Informa Insurance News 24
MINOR VARGAS CALVO FOUND GUILTY IN INSURANCE FRAUD TRIAL
Minor Vargas Calvo, majority owner and president of Costa Rica-based Provident Capital Indemnity (PCI), has been found guilty of defrauding more than 2,000 investors of $485m. Vargas was found guilty of one count of conspiracy to commit mail and wire fraud, three counts of mail fraud, three counts of wire fraud and three counts of money laundering. He faces a maximum penalty of 20 years on each fraud count and 10 years on each money-laundering count. PCI sold financial guarantee bonds to life settlement companies. These bonds were meant to protect the life settlement companies against undue longevity on the part of the insured beneficiaries of policies bought by the life settlement company. Those companies typically explained to investors in portfolios of life policies that they would receive their expected rate of return even if the insured beneficiaries lived longer than expected, because PCI was reinsuring the longevity risk.

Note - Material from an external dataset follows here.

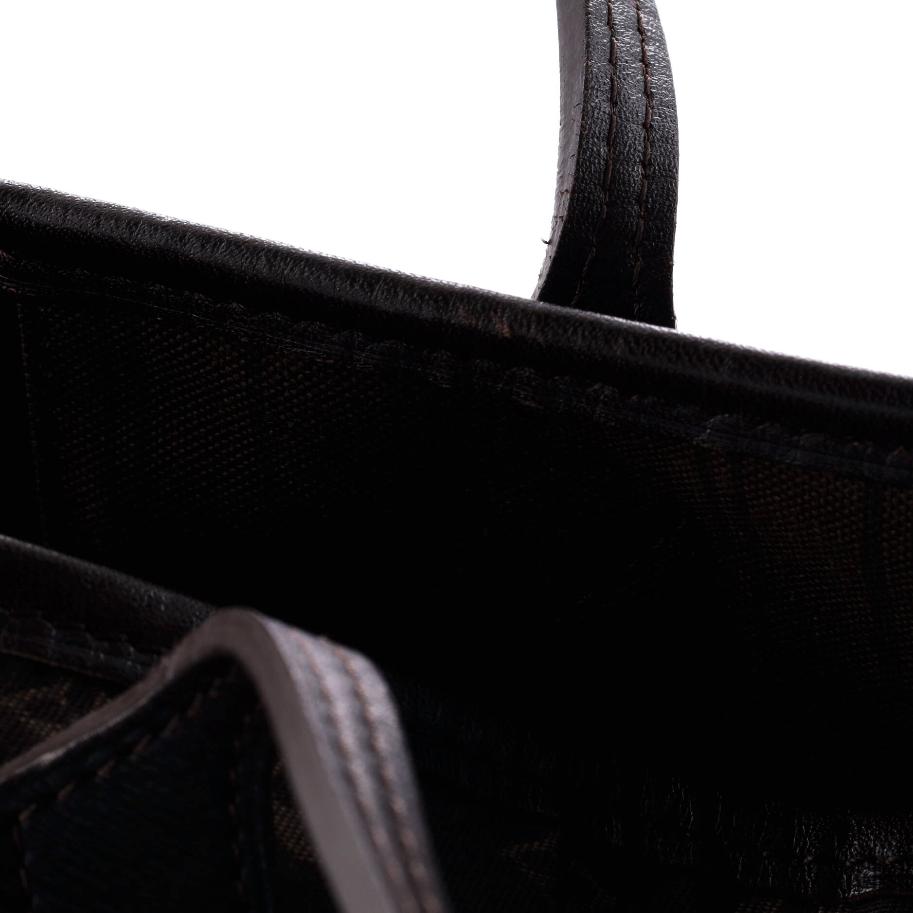 Condition: Very good. Creasing and wear on exterior and handles, threadbare and discoloration on base edges. Cracking on handle base wax edges, minor wear in interior, scratches on hardware.

The trial evidence showed that Vargas and PCI's purported independent auditor Jorge Castillo misled PCI's clients and those clients' investors with fraudulent financial statements regarding the health of PCI. Between 2004 and 2010 PCI sold at least $485m in bonds to life settlement companies registered throughout the world. In January 2011 the US Securities & Exchange Commission filed a parallel civil enforcement against messrs Vargas and Castillo. The trial heard that, far from being a solidly run company with valid bonds, Vargas sent more than $23m of the initial "premium" payments on his Costa Rican football team, to other, unrelated companies that he controlled, to his family and to himself. Mr Castillo pleaded guilty to fraud last November and has since co-operated with the investigation.